The American military cannot survive the challenges of the 21st century without the preparatory support of the Boy Scouts of America. Millions of our bravest heroes in uniform – thousands who have given their lives in every war since World War I – wore their first uniform as a Boy Scout. A U.S. Marine now in Iraq – who also was my Scoutmaster when I was growing up – once told me that he became a Marine because he had first been a Scout.

Apparently seeking the annihilation of our nation’s defensive capacity along with its moral character, the American Civil Liberties Union announced Monday that U.S. military bases will no longer be able to sponsor Boy Scout troops. It seems that our nation’s military leadership has broken wartime policy to settle with the terrorists in the ACLU.

It is the Boy Scout Oath to which the ACLU responded by filing legal claims against the U.S. Department of Defense, the U.S. Department of Housing and Urban Development, and the Chicago Board of Education in 1999. “On my honor,” goes the Oath, “I will do my best to do my duty to God and my country, and to obey the Scout Law, to help other people at all times, to keep myself physically strong, mentally awake, and morally straight.”

Following its new settlement with the ACLU, the Department of Defense will be sending word to American military bases worldwide that sponsorship of the Boy Scouts is strictly prohibited. Though Boy Scouts – primarily the children of service members – have long met on military bases in association with a base sponsor, the days of political correctness have brought that arrangement to an end. And this is the George W. Bush / Donald Rumsfeld Department of Defense that we’re talking about.

Like an array of private organizations that, of necessity, have dealings with our nation’s armed forces, the Boy Scouts adhere to beliefs and practices that fall outside the sanction of public policy. No one on our nation’s military bases is coerced into supporting the Boy Scouts, though, no doubt, members of our armed forces hold the Scouts in much higher esteem than they do the ACLU.

It is true that Congress awarded a national charter – an honorary statement that Congress supports the patriotic, educational or scientific goals of an organization and that the organization is guaranteed rights to its name in perpetuity – to the Boy Scouts of America in 1916. Congress did this in full recognition of the Scouts’ right to discriminate.

But it isn’t as though membership in the Boy Scouts of America is restricted to evangelical Protestants only. The Boy Scouts are as ecumenical as organizations come. Among 29 religious groups that award patches to Scouts through the Religious Relationships Committee are Armenians, Baha’i, Baptist, Buddhist, Christian Science, Eastern Catholic, Eastern Orthodox, Episcopal, Hindu, Islamic, Jewish, Lutheran, Maher Baba, Moravian, Mormon, Presbyterian, Quaker, Roman Catholic, United Methodist and Zoroastrian.

But the Boy Scouts do insist on belief in God.

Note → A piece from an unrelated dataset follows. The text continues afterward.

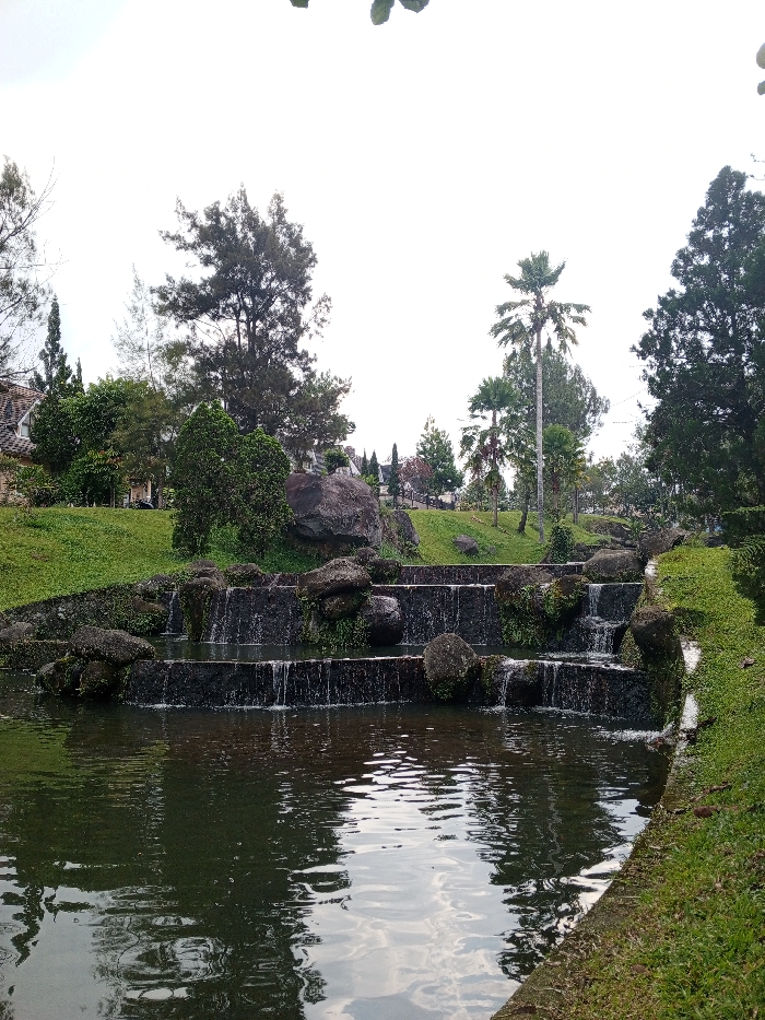 - "The image depicts a landscaped park featuring a multi-tiered artificial waterfall and pond" by FM-JNawk1, licensed under CC BY 4.0

Over the years since the Boy Scouts of America was founded, several hundred atheists have been told that they could not serve in positions of Scout leadership. Is this inconsistent with the principles by which our nation’s military and government operate?

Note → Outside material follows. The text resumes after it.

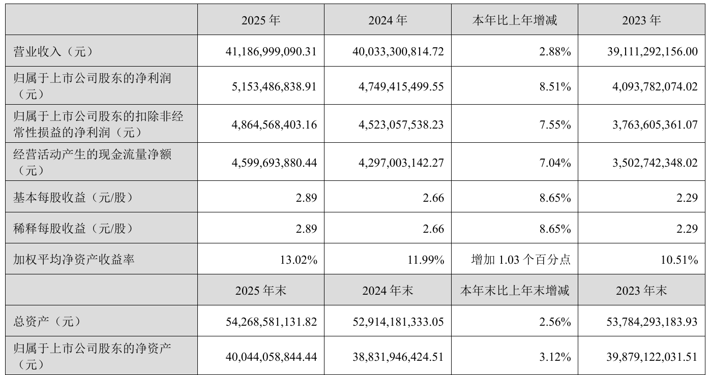 日前,云南白药(000538)发布2025年年度报告,公司全年实现营收411.87亿元,同比上升2.88%;归母净利润为51.53亿元,同比上升8.51%,增速较2024年的16.02%大幅放缓;扣非净利润为48.65亿元,同比上升7.55%。

Just because military bases sponsor Scout troops doesn’t make those troops an extension of government. Thousands of police and fire departments, cities and schools also sponsor Boy Scout troops. The Boy Scouts remain a private organization – a partnership with government does not automatically render an organization public domain.

It’s also worth noting that our nation’s military itself administers an Oath of Military Service to new members of the armed forces, that, like the Presidential, Congressional, and Supreme Court Oaths of Office, concludes with the words, “So help me God.” In fact, all high-ranking government officers must swear an oath in accordance with Section 3331 of Title V of the U.S. Code that includes that little invocation to the Almighty.

Further, military bases feature a vast array of religious options for the personnel and families who live and work there. In recent years, the nation has discussed the admission of Wiccan chaplains to the military, and Muslims are well represented in the chaplaincy despite the sensitive nature of our present war.

But the Department of Defense cannot expect to win wars abroad if it is capitulating to the demands of political correctness at home. Our armed forces must be aligned with the standards of character that make America worth fighting for.

Americans who care about our nation’s moral condition and national security must contact the Department of Defense and tell them to stand up for the Boy Scouts. Send a comment to Secretary Rumsfeld – tell him that he must do everything possible to reverse Monday’s settlement with the ACLU.